IN HIS MEMOIR Music Is My Mistress, Duke Ellington devotes a section to Sinatra, kicking it off with the observation that he is “a unique individual—a primo nonconformist assoluto.” This is about as high a compliment as Ellington can pay. He speaks admiringly about Frank “as an artist” and about his commitment to race tolerance and his refusal to be bossed or tossed around. “He felt that a syndicated columnist had spoken out of turn. So what did Francis do? He slugged the cat, and then went on and upwards to still greater heights.”
Sinatra seldom recorded songs by Duke Ellington, but when he did the results were breathtaking. In “Mood Indigo” (from the album In the Wee Small Hours), there is that grand moment when Sinatra delivers the word “no” eleven times, in the verse beginning “You ain’t ever been blue.” This is a saloon song par excellence: lonesome, intimate, yet not beyond the power of music to enchant: a wail modified by a sweet melody. Frank’s other great Ellington cover is “I Got It Bad (and That Ain’t Good),” on A Swinging Affair. The song is historically associated with the female voice and a specifically female predicament, which can be summarized in ten words: “I love the bastard even though he’s a bastard.”
Sinatra sang other songs that were generally associated with female performers: “Bye Bye Baby” from Gentlemen Prefer Blondes; “The Girl That Got Away,” which had been “The Man That Got Away” when Judy Garland sang it in A Star Is Born but got a new, male-specific conclusion from Ira Gershwin at Frank’s request; “I Could Have Danced All Night,” Julie Andrews’s showstopper in My Fair Lady.
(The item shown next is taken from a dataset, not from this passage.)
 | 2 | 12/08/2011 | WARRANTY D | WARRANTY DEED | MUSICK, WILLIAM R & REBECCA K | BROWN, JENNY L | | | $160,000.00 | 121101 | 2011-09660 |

His take on “I Got It Bad” suggests not only that the song is not as gender-specific as we had first thought, but also that the singer’s expression of his masculinity includes a frank acknowledgment of a feminine side, a side that is vulnerable, gets wounded, hurts, cries, has his heart broken by a lover. It is a pity that there aren’t more Ellington and Billy Strayhorn numbers in the Sinatra playbook. Ellington biographer Terry Teachout tells us that Sinatra tried to record “Lush Life,” but that the song’s intricate melody “defeated” him.
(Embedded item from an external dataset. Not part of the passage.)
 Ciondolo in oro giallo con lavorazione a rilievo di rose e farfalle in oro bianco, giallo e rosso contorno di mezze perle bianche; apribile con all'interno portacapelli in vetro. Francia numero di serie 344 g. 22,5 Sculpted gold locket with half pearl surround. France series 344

Between Sinatra and the Duke the respect was mutual. When Ellington unveiled his forty-five-minute jazz symphony Black, Brown and Beige at Carnegie Hall in 1943, it meant a lot to him that Sinatra came backstage armed with a bouquet of roses. And Ellington is one of the hundred notable jazz musicians who, according to Gene Lees, listed Sinatra as their favorite singer. The relationship as it unfolded between Ellington and Sinatra conformed to a familiar pattern: Sinatra, when he recognized musical genius, would seek to collaborate with the person or persons involved, would figure out ways to do so, and would respond with great generosity if and when misfortune struck the other. Sometimes the product was great: the albums he recorded with the Count Basie band swing in a way that transcends the time period. You can listen today to their “Fly Me to the Moon” or “The Best Is Yet to Come” and feel the immediacy of these songs in Quincy Jones’s uptempo arrangements with lots of exclamatory brass. Sometimes the result was less memorable: the record Duke made with Sinatra in 1967, Francis A. and Edward K., was, in Terry Teachout’s words, “mostly lackluster,” and Ellington makes no mention of it in the Sinatra chapter of his memoir, Music Is My Mistress.
In 1962, Ellington signed with Reprise, Sinatra’s newly formed record company, saying he “thought it would be a very good idea to be contracted to some company which is controlled by an artist rather than a businessman. It gives the soul a better opportunity.” When Ellington was ailing, Sinatra sent his private jet to Houston to fetch Dr. Michael DeBakey, then the most celebrated medical man in the nation, and bring him to New York to examine the Duke. When DeBakey said the situation was hopeless, Sinatra sent a steady supply of flowers and fruit to the Duke’s hospital room at the Harkness Pavilion of Columbia Presbyterian Medical Center.